↓

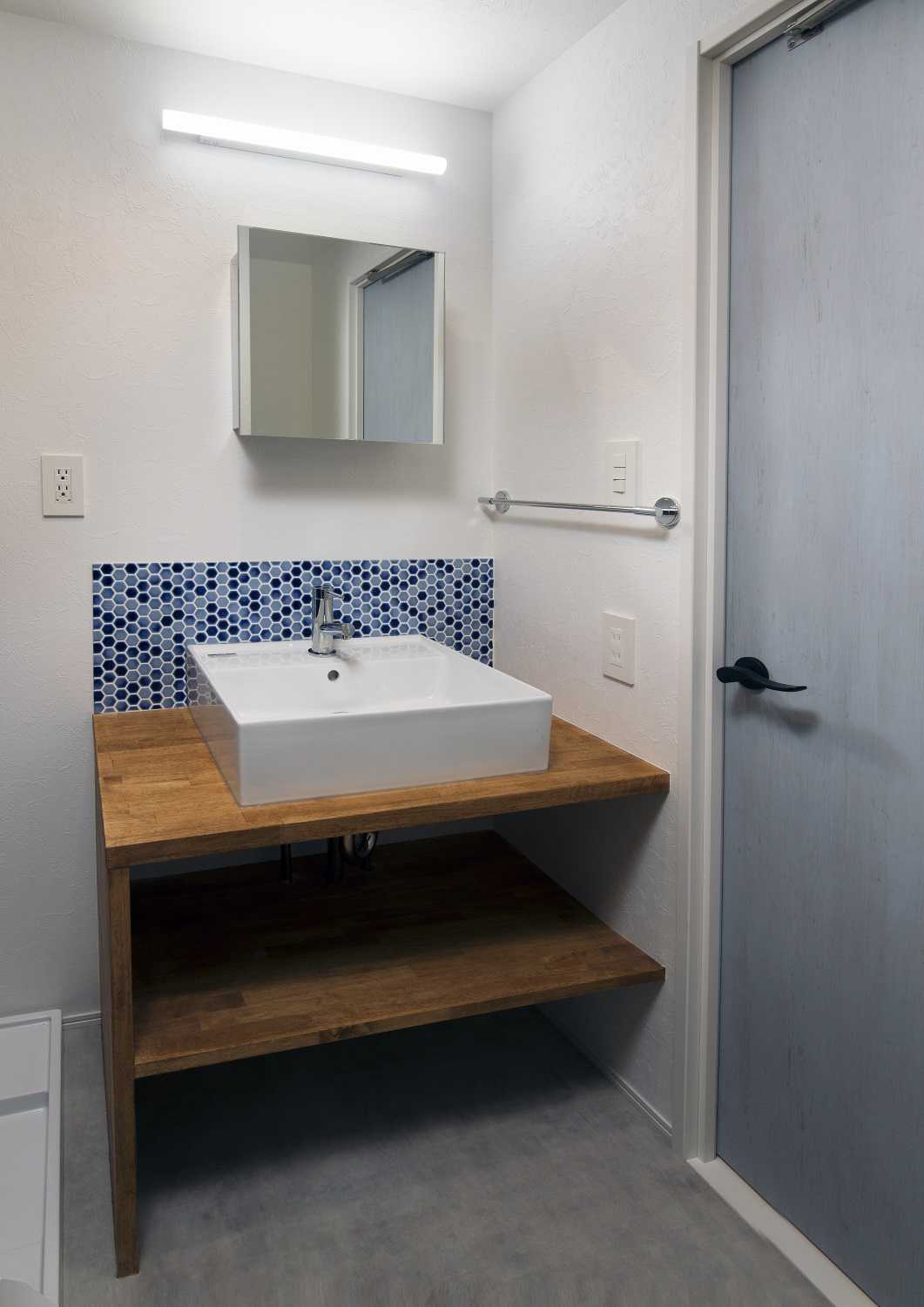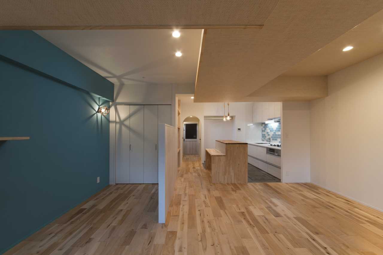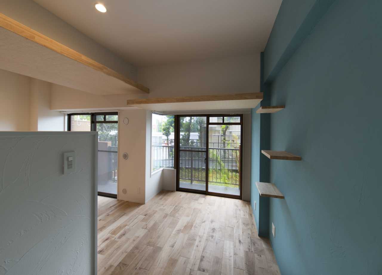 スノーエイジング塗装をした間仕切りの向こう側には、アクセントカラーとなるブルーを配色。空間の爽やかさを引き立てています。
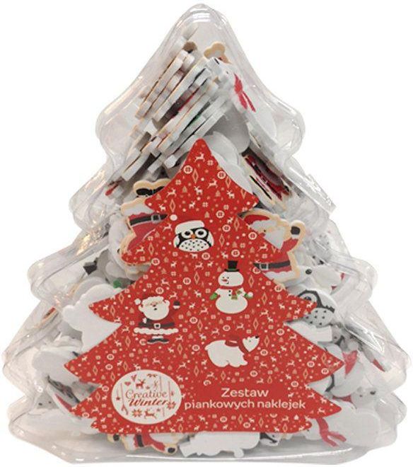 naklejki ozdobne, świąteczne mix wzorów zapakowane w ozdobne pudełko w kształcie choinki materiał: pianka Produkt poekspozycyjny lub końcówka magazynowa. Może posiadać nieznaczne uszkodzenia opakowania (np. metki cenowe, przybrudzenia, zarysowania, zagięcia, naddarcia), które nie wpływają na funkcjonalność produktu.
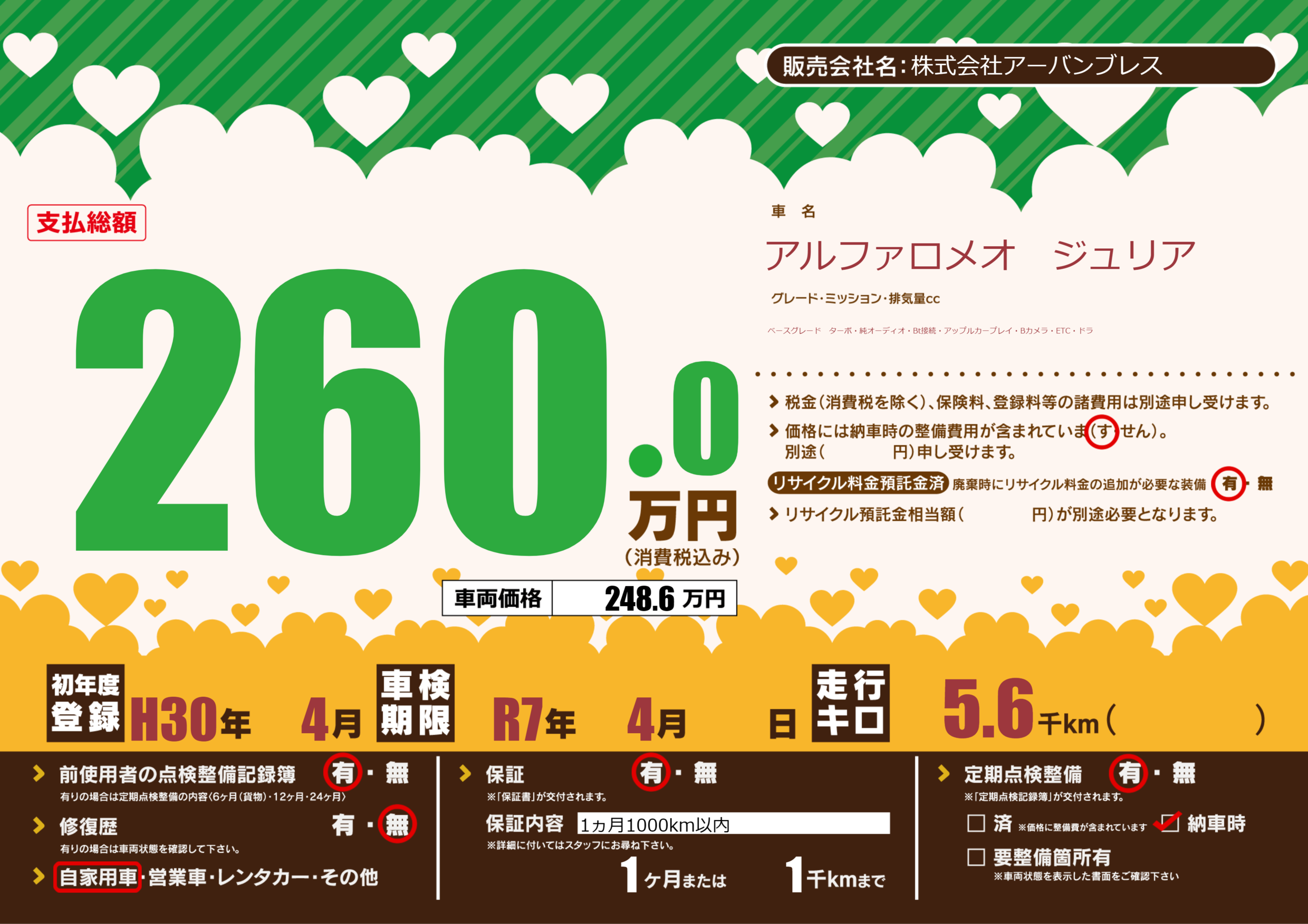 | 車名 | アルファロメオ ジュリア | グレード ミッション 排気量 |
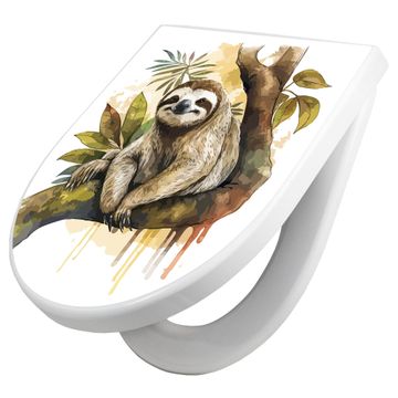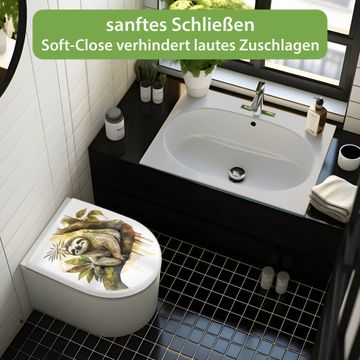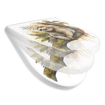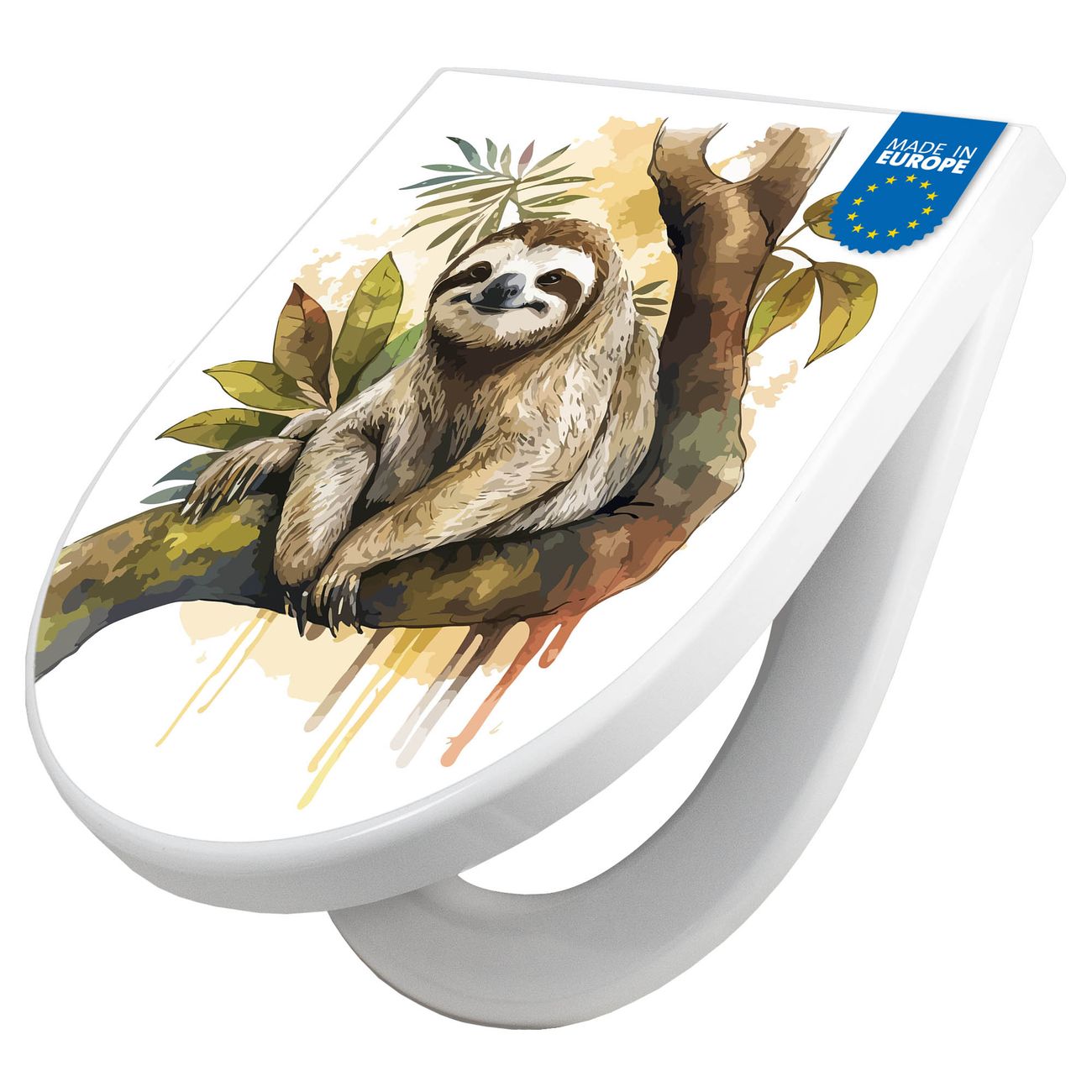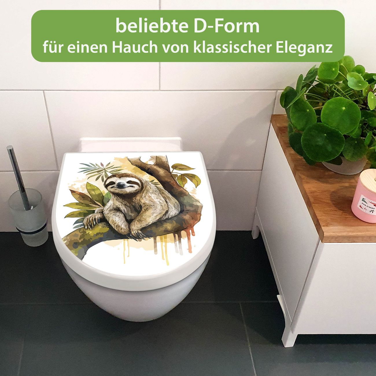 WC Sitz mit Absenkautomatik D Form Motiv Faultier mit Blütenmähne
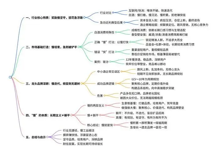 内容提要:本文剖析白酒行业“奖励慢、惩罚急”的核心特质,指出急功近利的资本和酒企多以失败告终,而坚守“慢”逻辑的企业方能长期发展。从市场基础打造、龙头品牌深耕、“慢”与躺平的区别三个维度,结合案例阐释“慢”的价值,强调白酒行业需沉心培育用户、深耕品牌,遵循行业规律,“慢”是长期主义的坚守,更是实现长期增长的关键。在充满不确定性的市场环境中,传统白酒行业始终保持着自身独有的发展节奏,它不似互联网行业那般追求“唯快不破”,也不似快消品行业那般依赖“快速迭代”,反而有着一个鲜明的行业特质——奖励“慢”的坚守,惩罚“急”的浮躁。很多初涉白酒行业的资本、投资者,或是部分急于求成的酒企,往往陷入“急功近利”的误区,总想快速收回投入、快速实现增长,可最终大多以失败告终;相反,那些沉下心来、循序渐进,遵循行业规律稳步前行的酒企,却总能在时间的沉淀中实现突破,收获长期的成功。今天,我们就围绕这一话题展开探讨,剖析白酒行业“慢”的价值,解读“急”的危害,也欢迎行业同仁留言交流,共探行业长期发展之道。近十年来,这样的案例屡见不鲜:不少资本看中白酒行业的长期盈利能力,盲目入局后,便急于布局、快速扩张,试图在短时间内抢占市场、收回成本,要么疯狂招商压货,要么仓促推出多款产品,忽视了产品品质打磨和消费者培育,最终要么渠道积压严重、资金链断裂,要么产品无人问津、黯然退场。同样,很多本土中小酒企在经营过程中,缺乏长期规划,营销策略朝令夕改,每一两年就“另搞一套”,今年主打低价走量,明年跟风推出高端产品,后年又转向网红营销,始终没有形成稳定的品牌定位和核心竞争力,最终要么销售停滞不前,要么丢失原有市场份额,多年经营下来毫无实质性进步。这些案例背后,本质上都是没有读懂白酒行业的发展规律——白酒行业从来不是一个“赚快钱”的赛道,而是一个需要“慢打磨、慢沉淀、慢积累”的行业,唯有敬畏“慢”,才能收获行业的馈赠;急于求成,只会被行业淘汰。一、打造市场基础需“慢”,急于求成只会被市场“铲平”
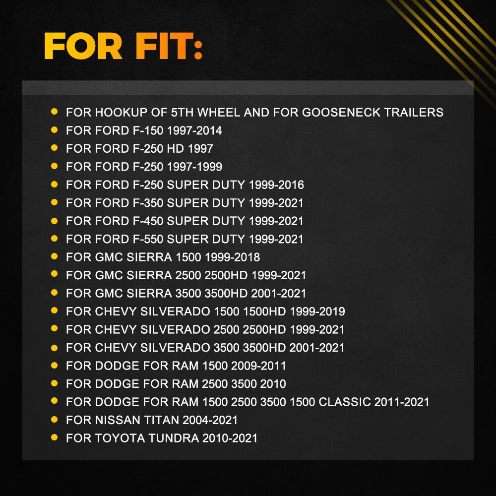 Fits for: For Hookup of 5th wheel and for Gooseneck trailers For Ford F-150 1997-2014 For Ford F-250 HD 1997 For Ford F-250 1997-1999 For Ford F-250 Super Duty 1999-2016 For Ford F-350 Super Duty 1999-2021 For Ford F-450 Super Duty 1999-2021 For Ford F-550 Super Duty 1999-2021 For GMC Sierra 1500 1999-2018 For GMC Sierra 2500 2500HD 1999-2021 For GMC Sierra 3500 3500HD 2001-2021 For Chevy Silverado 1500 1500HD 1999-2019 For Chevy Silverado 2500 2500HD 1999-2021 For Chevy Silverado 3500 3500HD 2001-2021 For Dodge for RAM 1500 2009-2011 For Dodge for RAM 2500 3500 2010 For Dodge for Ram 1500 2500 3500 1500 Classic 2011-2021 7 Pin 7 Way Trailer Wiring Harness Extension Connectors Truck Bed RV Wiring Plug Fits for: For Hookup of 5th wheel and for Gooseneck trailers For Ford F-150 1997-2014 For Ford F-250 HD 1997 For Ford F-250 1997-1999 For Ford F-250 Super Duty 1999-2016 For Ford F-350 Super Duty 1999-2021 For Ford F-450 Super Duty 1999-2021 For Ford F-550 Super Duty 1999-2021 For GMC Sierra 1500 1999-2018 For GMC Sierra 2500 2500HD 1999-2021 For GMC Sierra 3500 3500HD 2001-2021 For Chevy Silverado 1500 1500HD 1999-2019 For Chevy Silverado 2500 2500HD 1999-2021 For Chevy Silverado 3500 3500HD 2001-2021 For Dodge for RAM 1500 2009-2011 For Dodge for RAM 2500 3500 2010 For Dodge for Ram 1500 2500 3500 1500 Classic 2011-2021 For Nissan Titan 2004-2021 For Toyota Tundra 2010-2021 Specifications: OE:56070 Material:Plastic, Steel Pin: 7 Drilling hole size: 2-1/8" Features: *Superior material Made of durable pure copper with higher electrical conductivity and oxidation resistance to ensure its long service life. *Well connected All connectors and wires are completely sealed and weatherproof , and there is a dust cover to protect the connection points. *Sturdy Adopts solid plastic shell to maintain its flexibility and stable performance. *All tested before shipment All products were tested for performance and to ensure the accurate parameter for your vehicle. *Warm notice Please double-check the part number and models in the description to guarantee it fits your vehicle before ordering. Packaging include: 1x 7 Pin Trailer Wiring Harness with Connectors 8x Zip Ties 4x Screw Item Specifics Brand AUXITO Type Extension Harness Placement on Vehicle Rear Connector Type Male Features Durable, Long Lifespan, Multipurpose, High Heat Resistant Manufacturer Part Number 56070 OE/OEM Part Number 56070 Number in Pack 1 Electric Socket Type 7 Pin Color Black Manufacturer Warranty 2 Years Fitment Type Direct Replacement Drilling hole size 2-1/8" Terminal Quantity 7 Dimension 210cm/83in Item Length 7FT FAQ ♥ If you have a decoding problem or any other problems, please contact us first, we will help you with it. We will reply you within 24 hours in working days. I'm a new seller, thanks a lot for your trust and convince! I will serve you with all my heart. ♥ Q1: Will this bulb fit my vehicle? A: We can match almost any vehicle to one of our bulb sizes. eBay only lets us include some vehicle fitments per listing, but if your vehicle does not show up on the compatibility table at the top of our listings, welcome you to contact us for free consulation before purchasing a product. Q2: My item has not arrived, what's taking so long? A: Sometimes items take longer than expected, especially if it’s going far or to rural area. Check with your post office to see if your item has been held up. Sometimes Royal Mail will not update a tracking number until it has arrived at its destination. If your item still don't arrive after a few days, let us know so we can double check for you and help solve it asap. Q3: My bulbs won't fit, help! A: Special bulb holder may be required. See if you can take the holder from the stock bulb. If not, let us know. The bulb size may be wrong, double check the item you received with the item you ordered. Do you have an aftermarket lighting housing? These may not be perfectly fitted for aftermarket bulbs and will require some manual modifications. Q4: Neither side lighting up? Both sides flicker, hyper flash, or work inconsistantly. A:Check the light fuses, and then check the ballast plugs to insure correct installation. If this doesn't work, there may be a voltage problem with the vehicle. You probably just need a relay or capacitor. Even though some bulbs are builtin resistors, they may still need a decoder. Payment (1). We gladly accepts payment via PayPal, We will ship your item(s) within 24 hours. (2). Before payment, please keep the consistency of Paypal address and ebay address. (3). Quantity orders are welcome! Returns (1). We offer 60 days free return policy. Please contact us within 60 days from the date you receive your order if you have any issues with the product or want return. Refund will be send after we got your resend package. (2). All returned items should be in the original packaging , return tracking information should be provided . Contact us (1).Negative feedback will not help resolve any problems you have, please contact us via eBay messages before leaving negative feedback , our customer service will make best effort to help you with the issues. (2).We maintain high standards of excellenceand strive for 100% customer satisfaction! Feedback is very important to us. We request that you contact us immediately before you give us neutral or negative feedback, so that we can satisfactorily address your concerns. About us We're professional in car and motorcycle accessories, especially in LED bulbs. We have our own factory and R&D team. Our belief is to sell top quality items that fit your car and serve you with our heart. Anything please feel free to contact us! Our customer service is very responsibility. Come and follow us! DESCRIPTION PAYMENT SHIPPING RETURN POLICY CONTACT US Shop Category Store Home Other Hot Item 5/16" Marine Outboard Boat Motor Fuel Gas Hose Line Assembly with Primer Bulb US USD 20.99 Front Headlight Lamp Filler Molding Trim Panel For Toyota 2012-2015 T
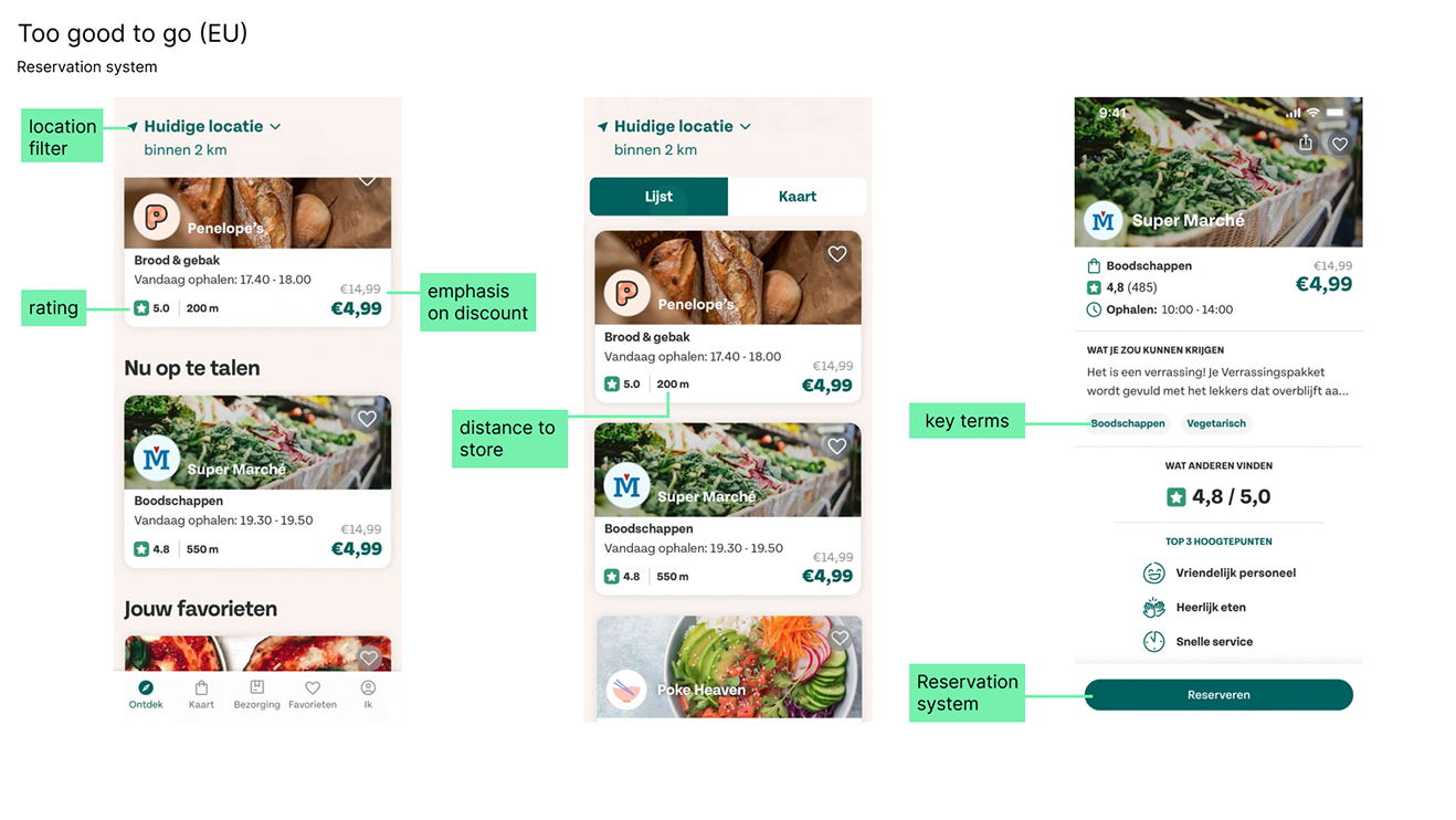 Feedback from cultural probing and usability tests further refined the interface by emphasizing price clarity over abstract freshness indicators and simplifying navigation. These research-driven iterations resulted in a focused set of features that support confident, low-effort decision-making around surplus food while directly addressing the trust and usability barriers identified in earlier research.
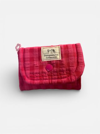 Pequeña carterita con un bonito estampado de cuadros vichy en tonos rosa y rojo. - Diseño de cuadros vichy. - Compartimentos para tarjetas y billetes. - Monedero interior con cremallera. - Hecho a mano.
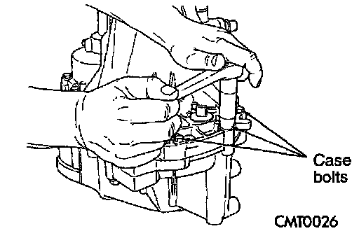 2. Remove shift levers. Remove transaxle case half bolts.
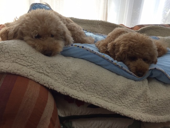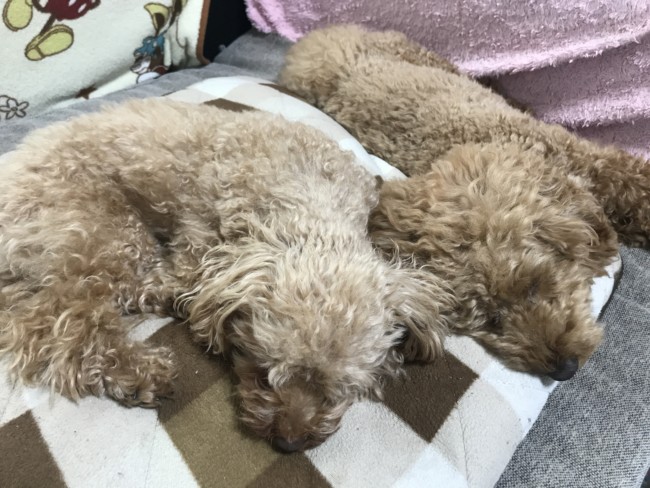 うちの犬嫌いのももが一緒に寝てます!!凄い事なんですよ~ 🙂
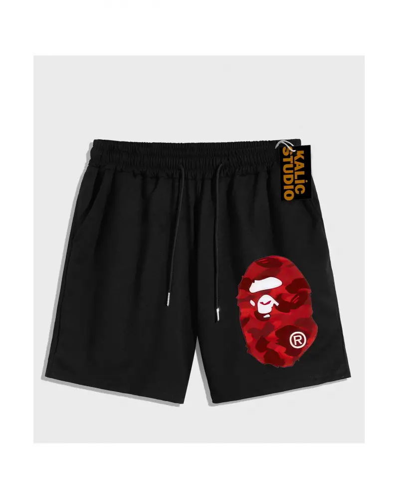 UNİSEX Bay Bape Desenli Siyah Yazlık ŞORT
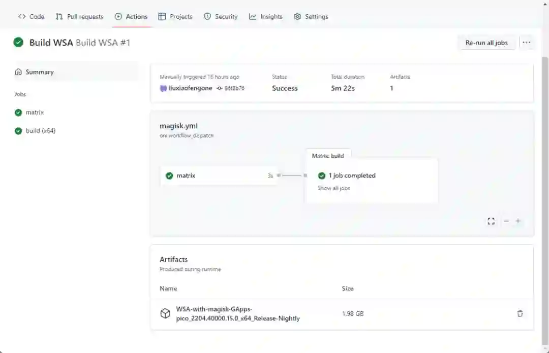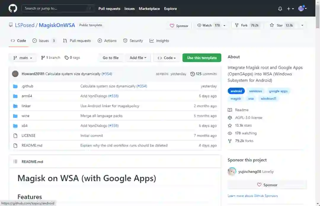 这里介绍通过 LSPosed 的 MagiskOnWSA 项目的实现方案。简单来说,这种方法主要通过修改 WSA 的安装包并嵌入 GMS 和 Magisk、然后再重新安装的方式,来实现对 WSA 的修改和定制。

↑

TASK DESCRIPTION → Only the lines from the one containing "Feedback from cultural" through the final line of the data are to be written out, exactly as they stand and without pictures.

ANSWER FOR THE TASK →
 Feedback from cultural probing and usability tests further refined the interface by emphasizing price clarity over abstract freshness indicators and simplifying navigation. These research-driven iterations resulted in a focused set of features that support confident, low-effort decision-making around surplus food while directly addressing the trust and usability barriers identified in earlier research.
 Pequeña carterita con un bonito estampado de cuadros vichy en tonos rosa y rojo. - Diseño de cuadros vichy. - Compartimentos para tarjetas y billetes. - Monedero interior con cremallera. - Hecho a mano.
 2. Remove shift levers. Remove transaxle case half bolts.
 うちの犬嫌いのももが一緒に寝てます!!凄い事なんですよ~ 🙂
 UNİSEX Bay Bape Desenli Siyah Yazlık ŞORT
 这里介绍通过 LSPosed 的 MagiskOnWSA 项目的实现方案。简单来说,这种方法主要通过修改 WSA 的安装包并嵌入 GMS 和 Magisk、然后再重新安装的方式,来实现对 WSA 的修改和定制。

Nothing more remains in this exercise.